### Work request
In the material below, find the line with "गुरुवार को चंडीगढ़" and the line with "مقاسات الموديل: الطول: 176". Output exactly those two lines and all lines between them, leaving out pictures.

### Exercise input
******************************

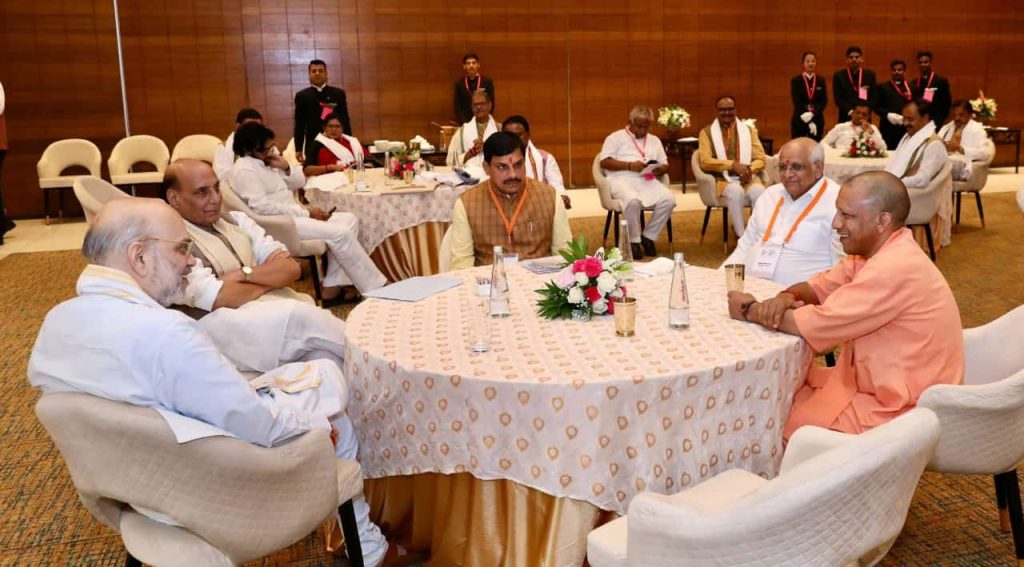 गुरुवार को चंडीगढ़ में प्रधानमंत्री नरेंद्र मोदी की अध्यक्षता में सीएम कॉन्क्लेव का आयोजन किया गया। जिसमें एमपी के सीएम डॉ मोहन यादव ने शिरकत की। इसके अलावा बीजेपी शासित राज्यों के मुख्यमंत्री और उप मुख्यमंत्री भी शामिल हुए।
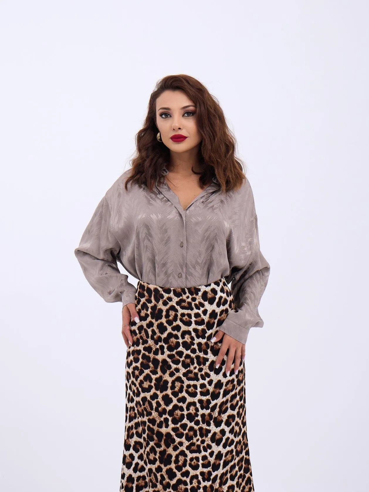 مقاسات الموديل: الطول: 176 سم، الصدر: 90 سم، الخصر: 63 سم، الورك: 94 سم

******************************

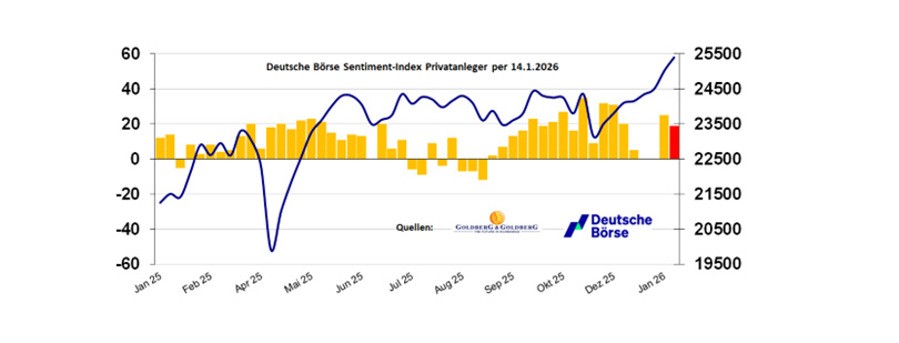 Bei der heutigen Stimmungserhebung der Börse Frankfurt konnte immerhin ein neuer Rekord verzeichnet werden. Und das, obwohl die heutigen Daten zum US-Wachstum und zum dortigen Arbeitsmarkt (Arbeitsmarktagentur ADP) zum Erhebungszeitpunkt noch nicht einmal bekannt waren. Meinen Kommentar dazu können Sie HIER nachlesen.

******************************

### Solution for this exercise
 गुरुवार को चंडीगढ़ में प्रधानमंत्री नरेंद्र मोदी की अध्यक्षता में सीएम कॉन्क्लेव का आयोजन किया गया। जिसमें एमपी के सीएम डॉ मोहन यादव ने शिरकत की। इसके अलावा बीजेपी शासित राज्यों के मुख्यमंत्री और उप मुख्यमंत्री भी शामिल हुए।
 مقاسات الموديل: الطول: 176 سم، الصدر: 90 سم، الخصر: 63 سم، الورك: 94 سم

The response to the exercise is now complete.